Put into proper perspective, eating us up isn’t even that big a task. Fed through a compactor and stacked in 1-ton cubic blocks, all of humanity would fit into a cube a bit less than 1 kilometer on the side. Spread evenly over the entire surface of the Earth, we would form a film barely 1 micron thick—undetectable without special equipment and short work for the planet’s microscopic biota. Compare that to the thick microbial mats which gave rise to the crude oil deposits which we are currently burning through at breakneck speed: the average human burns through eight times his body weight in crude oil every year.

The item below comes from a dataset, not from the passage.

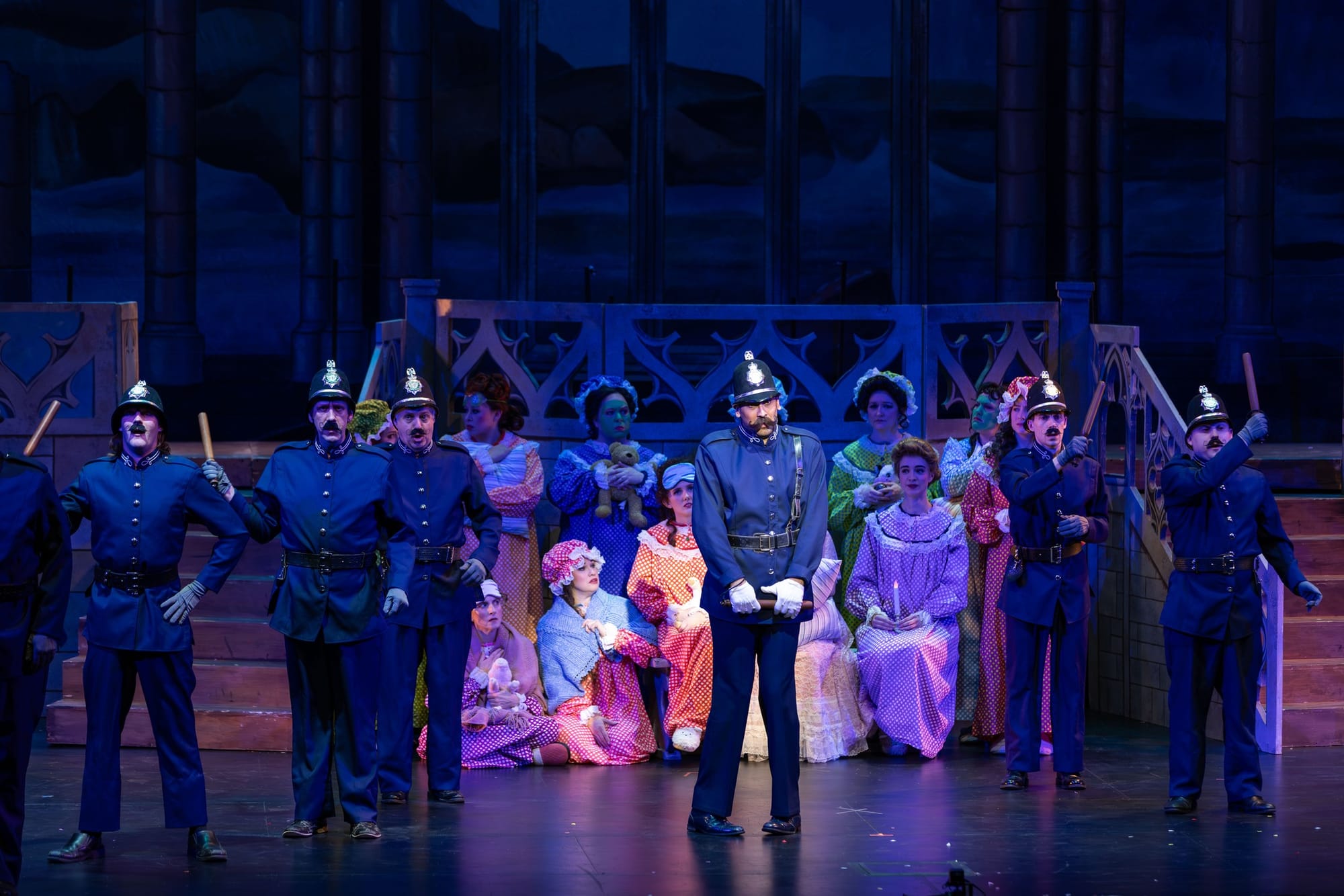It was worth the wait. The plot of this show is insane and frankly too much to get into; suffice it to say there are multiple plans and mix-ups involving Frederic and his nurse Ruth, a band of pirates, a Major-General and his many, many virgin daughters, and a nerveless police force, all of which librettist W.S. Gilbert knots together and splendidly unravels over two rollicking acts. Just when you think all’s well, another spanner goes into the works, so you get a satisfying zig-zag through mayhem and resolution that bounces along on some of the most delightful music ever written.

It is the crude oil, along with coal, natural gas and uranium, that multiply our puny power to a point where the results of our activity become visible from outer space over large stretches of the planet’s surface. Crunching the numbers, it turns out that burning crude oil allows us to multiply our physical, endosomatic energy by roughly a factor of 44,000,000. Add in coal, natural gas and uranium, and you get roughly a hundred-thousand-times amplification of our puny physical powers. It is this that has enabled man’s recent, and short-lived “conquest of nature.” Without fossil fuels the best exosomatic energy we can harness is a team of two horses, oxen, water buffalo or what have you. Any more than that becomes hard for a single human to handle. The horses and other large ruminants multiply our power by a factor of 15 or so. But that, if you think really hard, is plenty.

It is known that the hundred-thousand-times fossil-fuel-based amplification of our meager physical powers is going to dwindle over time, leaving us with a couple of horses to fall back on—if we are lucky. Going from hundred-thousand-fold to fifteen-fold is surely going to come as a shock for some people, causing them to claim that this will spell the end of human civilization. Others claim that human civilization is doomed because burning roughly half of all the recoverable fossil fuels in just a couple of centuries has destabilized the climate. As if that’s not enough, Prof. Guy McPherson boldly predicts that humans will be extinct by January 1, 2026 (which falls on a Wednesday). And at the extreme far end of the spectrum of luminaries spouting dire predictions we find Prof. Stephen Hawking. Listening to the radio, I recently heard him proclaim, in his vintage robotic voice, that Trump opting out of the Paris Agreement on Climate Change may end up making Earth resemble Venus, with lava fields and rains of sulphuric acid. He said that we better get cracking on building space colonies if we want to survive.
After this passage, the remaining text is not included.